**Work item:** The response must consist of the lines below from the one with "(서울=포커스뉴스) 28일 오후" through the one with "- 998g tubs of Haribo sweets", exactly as they appear and with both ends kept.

Supplied material START

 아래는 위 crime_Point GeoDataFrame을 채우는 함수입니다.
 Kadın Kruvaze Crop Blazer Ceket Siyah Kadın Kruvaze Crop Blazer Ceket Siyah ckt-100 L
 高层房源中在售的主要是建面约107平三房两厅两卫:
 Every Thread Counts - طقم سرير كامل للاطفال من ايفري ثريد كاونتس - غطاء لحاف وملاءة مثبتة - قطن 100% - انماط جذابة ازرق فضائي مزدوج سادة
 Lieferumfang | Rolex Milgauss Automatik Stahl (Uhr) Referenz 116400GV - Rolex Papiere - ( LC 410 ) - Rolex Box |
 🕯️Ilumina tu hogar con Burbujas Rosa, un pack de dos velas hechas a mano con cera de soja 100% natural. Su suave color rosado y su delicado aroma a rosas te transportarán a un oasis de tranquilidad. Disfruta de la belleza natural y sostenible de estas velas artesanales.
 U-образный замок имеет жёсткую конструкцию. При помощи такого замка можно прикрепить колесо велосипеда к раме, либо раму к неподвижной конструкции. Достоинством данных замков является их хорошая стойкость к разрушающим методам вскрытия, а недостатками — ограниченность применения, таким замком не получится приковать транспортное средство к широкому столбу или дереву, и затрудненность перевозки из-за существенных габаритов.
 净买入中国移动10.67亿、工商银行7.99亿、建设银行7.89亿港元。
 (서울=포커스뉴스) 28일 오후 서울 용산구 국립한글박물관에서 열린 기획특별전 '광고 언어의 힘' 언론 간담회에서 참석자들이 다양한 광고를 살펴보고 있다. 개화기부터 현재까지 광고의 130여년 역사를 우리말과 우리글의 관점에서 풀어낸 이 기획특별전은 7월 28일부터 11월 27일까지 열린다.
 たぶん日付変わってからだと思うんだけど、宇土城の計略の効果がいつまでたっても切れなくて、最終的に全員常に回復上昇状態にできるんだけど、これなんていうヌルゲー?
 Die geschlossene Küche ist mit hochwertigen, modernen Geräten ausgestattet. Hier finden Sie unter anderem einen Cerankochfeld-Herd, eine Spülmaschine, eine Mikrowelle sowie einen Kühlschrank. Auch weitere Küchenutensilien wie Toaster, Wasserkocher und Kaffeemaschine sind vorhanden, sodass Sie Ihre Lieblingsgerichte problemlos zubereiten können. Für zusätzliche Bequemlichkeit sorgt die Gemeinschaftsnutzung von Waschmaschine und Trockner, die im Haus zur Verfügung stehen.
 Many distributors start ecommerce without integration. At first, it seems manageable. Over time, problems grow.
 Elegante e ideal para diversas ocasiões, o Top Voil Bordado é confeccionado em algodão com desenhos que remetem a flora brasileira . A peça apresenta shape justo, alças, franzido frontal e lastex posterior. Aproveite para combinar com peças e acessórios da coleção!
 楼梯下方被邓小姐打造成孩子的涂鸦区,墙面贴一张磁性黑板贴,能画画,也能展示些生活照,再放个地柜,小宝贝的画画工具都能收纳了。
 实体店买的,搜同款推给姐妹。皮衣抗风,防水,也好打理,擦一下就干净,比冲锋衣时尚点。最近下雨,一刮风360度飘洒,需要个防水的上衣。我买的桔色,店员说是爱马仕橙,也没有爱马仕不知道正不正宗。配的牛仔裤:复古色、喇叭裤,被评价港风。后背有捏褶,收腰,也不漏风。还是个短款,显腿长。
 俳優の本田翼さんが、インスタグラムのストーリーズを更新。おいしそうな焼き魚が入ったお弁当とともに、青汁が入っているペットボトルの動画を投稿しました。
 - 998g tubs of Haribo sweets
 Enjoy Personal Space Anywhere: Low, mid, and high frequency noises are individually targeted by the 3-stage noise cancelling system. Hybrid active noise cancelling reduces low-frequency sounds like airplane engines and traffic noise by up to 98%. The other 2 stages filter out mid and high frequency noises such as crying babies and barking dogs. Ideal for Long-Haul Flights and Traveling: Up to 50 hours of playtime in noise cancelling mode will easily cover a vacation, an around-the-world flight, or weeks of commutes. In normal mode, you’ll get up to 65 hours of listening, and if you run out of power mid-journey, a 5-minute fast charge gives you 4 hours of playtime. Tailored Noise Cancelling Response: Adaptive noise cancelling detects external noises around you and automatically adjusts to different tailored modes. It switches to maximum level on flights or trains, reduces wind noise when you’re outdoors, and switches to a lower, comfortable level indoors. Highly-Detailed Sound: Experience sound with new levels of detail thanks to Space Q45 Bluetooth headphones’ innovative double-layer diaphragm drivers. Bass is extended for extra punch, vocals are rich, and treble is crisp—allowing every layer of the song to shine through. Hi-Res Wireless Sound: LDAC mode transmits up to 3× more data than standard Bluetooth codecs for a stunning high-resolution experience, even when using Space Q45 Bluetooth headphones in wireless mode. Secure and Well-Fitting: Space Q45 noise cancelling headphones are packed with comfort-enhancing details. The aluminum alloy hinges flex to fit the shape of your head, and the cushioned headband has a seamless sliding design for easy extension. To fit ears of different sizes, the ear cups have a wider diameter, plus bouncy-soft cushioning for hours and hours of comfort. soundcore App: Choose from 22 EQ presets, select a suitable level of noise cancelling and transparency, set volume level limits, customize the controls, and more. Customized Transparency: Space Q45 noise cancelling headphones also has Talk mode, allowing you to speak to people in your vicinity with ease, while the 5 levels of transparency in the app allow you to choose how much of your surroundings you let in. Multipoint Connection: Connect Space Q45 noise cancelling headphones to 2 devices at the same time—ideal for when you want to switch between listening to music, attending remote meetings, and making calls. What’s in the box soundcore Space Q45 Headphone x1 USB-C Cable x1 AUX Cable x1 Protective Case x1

Supplied material END

**Answer to this task:**
 (서울=포커스뉴스) 28일 오후 서울 용산구 국립한글박물관에서 열린 기획특별전 '광고 언어의 힘' 언론 간담회에서 참석자들이 다양한 광고를 살펴보고 있다. 개화기부터 현재까지 광고의 130여년 역사를 우리말과 우리글의 관점에서 풀어낸 이 기획특별전은 7월 28일부터 11월 27일까지 열린다.
 たぶん日付変わってからだと思うんだけど、宇土城の計略の効果がいつまでたっても切れなくて、最終的に全員常に回復上昇状態にできるんだけど、これなんていうヌルゲー?
 Die geschlossene Küche ist mit hochwertigen, modernen Geräten ausgestattet. Hier finden Sie unter anderem einen Cerankochfeld-Herd, eine Spülmaschine, eine Mikrowelle sowie einen Kühlschrank. Auch weitere Küchenutensilien wie Toaster, Wasserkocher und Kaffeemaschine sind vorhanden, sodass Sie Ihre Lieblingsgerichte problemlos zubereiten können. Für zusätzliche Bequemlichkeit sorgt die Gemeinschaftsnutzung von Waschmaschine und Trockner, die im Haus zur Verfügung stehen.
 Many distributors start ecommerce without integration. At first, it seems manageable. Over time, problems grow.
 Elegante e ideal para diversas ocasiões, o Top Voil Bordado é confeccionado em algodão com desenhos que remetem a flora brasileira . A peça apresenta shape justo, alças, franzido frontal e lastex posterior. Aproveite para combinar com peças e acessórios da coleção!
 楼梯下方被邓小姐打造成孩子的涂鸦区,墙面贴一张磁性黑板贴,能画画,也能展示些生活照,再放个地柜,小宝贝的画画工具都能收纳了。
 实体店买的,搜同款推给姐妹。皮衣抗风,防水,也好打理,擦一下就干净,比冲锋衣时尚点。最近下雨,一刮风360度飘洒,需要个防水的上衣。我买的桔色,店员说是爱马仕橙,也没有爱马仕不知道正不正宗。配的牛仔裤:复古色、喇叭裤,被评价港风。后背有捏褶,收腰,也不漏风。还是个短款,显腿长。
 俳優の本田翼さんが、インスタグラムのストーリーズを更新。おいしそうな焼き魚が入ったお弁当とともに、青汁が入っているペットボトルの動画を投稿しました。
 - 998g tubs of Haribo sweets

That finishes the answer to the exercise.